In a crisis in Columbia County, Tom Brown and his fellow amateur ham operators could get the call.
It is their communications expertise that officials say makes them invaluable should a disaster or other critical situation occur.
"What we do is we call (Columbia County amateur radio coordinator) Tom Brown and say we have an emergency, we're staffing the EOC. We have our communications warning center set up and we need someone here," said Pam Tucker, Columbia County's emergency services director, adding that the county's Emergency Operations Center has work space set aside for ham operators, and a protocol is in place to enlist the help of area operators.
"...They bring their own radio and we set them up here. They are definitely a part of our team and provide support communications."
According to national media reports at the time, it was in the aftermath of Hurricane Katrina that amateur radio operators throughout the nation helped with rescue and relief operations as the disaster area had an overburdened and crippled communications infrastructure.
Brown, a member of the Augusta Amateur Radio Club, said the Columbia County Amateur Radio Club and other area ham operators work together with his club in a crisis situation.
"If there's an emergency we all work together regardless of who we are," Brown said.
Sometimes it's also a fun way to reach out to people great distances away to share news or personal information.
The Columbia County Amateur Radio Club, for instance, transmitted during Harlem's Oliver Hardy Festival and received confirmed contacts from throughout the country and from the Caribbean.
"Whether it's weather or public goings-on...(we're available) to do something for the community,"said Paul Bennett of Grovetown.

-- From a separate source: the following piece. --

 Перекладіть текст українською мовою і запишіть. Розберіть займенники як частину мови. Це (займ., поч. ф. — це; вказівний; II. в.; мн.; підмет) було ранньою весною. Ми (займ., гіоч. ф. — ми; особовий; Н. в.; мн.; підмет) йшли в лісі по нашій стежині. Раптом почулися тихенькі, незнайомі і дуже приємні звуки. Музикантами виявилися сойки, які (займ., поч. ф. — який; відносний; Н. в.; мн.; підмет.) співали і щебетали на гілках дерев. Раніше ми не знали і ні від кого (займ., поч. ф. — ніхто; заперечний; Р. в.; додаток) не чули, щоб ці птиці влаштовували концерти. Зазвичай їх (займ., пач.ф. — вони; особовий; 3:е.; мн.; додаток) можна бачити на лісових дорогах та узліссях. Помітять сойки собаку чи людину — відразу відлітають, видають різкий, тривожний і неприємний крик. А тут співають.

Bennett, who is a member of the Columbia County Amateur Radio Club, also is a member of the Amateur Radio Emergency Service and a longtime ham operator.
The Columbia County Amateur Radio Club has a repeater that is attached to a county water tower on Belair Road that can boost the strength of their short-range UHF and VHF signals to span most of the county, said club secretary Dean Maples, of Evans.
The repeaters permit the operator to use small, hand-held radios for mobile broadcasts in times of a crisis.
Recently, members of the area radio clubs and other ham operators also participated in a National Weather Service Skywarn workshop at Doctors Hospital. There, ham operators learned how to spot dangerous weather and how to assist the National Weather Service.
"They (ham operators) play a vital role for us," said Steve Naglic, a warning coordination meteorologist with the National Weather Service office in West Columbia, S.C.